[MonoDevelop] Code analysis soc project

Thu Mar 25 03:48:38 EDT 2010

On Wed, Mar 24, 2010 at 5:40 PM, nikhil sarda <diff.operator at gmail.com> wrote:
> What I thought was that the code analysis addin could be run in a
> separate thread. It will periodically check the state of the project
> and if it finds that documents
> have been changed it will reconstruct the AST using the parser service
> and feed it to the analysis engine. The engine will then run all the
> valid rules on the parser units on another thread and then update the
> editor accordingly. A time lag is inevitable, and obviously an initial
> implementation will lag for very large code bases.

The parser service already detects changes and parses documents on the
fly - that's how we get code completion and on-the-fly syntax error
underlining. You just need to add an event to the parser service so
that the analysis service can subscribe to new parsed documents, then
hand those off to a queue for the analysis thread to process.

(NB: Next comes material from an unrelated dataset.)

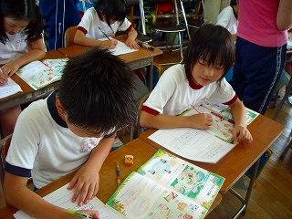 1学期に学習した「わり算」や「たし算、ひき算の筆算」「長さ」の勉強をもとに、図を見て問題を作るという勉強でした。自分で問題を作るというのはとても難しい内容でしたが、どの子もしっかり学習に取り組んでいました。できあがった問題を友達どうしで解き合って、より学習を深めることができました。

> I have become quite familiar with the new DOM. I have partially
> implemented a rule for CS5001 (source file must have Main) and
> checking functions for invalid returns  http://pastebin.com/zPnNwvs3
> Again these are POCs, I had to do an ugly hack to workaround the non
> availability of getting the ReturnType of a method. There are similar
> problems getting their arguments as well.
>
>>> Beyond that, there are analysis rules, that scan the parsed documents
>>> and report errors, warnings and suggestions. These rules can range
>>> from trivial to very complex, and some are much more useful than
>>> others.
>
> I was thinking of implementing some of the rules as defined here
> http://msdn.microsoft.com/en-us/library/ms228296%28VS.80%29.aspx

Well, bear in mind that the C# compiler already reports all those, and
when we have background compilation, that would duplicate such rules.
And IMHO there's not much point in running most of the rules on all
files in the project - the value of on-the-fly analysis is that it
comes up in the current file, so you can correct code as you write it
without a mental context switch. If you wanted to look at all the
solutions' warnings and errors you could just run gmcs and gendarme,
but that's a different workflow.

IMHO the coolest thing that on-the-fly analysis in the MD DOM can do
is that it can hook into MD's refactoring operations to offer
automatic fixes. So you could initially focus on rules that would
detect things that the existing refactorings can fix,
e.g.
invalid identifier, or naming conventions problems -> rename
missing interface members -> implement interface
no such member -> create member
no such class -> resolve, or create class
magic number -> introduce constant
public field -> encapsulate field with property
trivial property -> convert to auto property
huge method -> extract method

and it would be quite simple to make some other quick fixes based on
the token info in the new C# DOM,
e.g.
duplicated type names in local declaration ->  replace with 'var'
ambiguously resolved type name -> fully qualify
obvious infinitely recursive property -> find similarly named field to return
dereference 'as Foo' without null check -> change to (Foo) cast
if (foo == true) -> if (foo)

I'm not saying it's not worth duplicating gmcs and gendarme rules in
some cases - especially the easy ones, or when we can also offer an
automatic quick fix - but that it's best to focus on things that are
especially useful on-the-fly:
- fixing common typos
- exposing MD's refactoring commands
- fixing common mistakes made by new users
and also on implementing and polishing the infrastructure so that's
it's easy for people to contribute new rules.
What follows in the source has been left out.